Provided entries ::
>>>>>

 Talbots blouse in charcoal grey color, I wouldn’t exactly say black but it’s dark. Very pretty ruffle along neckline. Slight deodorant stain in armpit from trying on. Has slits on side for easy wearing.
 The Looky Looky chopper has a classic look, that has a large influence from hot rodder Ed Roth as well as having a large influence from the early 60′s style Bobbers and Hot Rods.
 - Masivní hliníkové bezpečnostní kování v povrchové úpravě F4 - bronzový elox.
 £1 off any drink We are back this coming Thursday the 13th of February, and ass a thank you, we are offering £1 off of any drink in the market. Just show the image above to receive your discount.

<<<<<
>>>>>

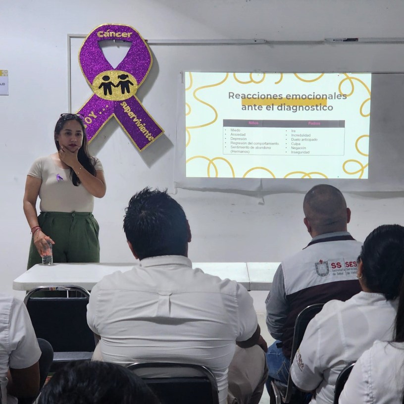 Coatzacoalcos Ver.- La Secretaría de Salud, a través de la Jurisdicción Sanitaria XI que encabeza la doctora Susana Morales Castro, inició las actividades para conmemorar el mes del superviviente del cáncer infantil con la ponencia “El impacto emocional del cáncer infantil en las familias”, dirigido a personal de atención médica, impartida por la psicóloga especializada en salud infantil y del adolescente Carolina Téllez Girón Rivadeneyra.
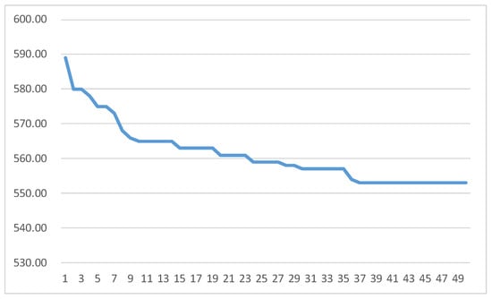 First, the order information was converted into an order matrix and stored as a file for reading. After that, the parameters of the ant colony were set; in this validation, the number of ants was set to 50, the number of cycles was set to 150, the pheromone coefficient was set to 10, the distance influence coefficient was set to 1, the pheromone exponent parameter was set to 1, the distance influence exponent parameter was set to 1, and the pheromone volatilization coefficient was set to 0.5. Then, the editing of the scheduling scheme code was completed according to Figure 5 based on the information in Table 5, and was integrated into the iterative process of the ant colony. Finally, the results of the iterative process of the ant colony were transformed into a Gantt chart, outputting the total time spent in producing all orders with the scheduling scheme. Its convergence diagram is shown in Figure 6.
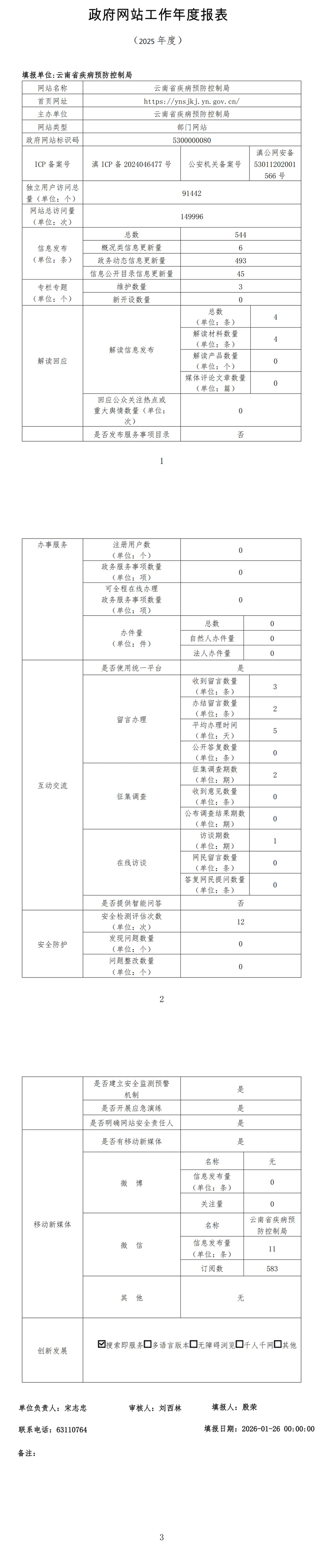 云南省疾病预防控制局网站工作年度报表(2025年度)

<<<<<
>>>>>

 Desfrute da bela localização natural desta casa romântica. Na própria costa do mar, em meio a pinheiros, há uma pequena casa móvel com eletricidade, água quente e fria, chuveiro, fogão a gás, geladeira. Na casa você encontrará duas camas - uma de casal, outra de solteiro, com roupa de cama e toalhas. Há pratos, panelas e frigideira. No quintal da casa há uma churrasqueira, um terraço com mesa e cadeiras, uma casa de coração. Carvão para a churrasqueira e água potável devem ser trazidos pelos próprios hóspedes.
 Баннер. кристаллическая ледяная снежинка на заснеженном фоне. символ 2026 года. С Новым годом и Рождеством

<<<<<

Brief :: Where a line in the preceding listing contains the word "from", include it in your count, and reply with that number alone.

Solution to this problem :: 2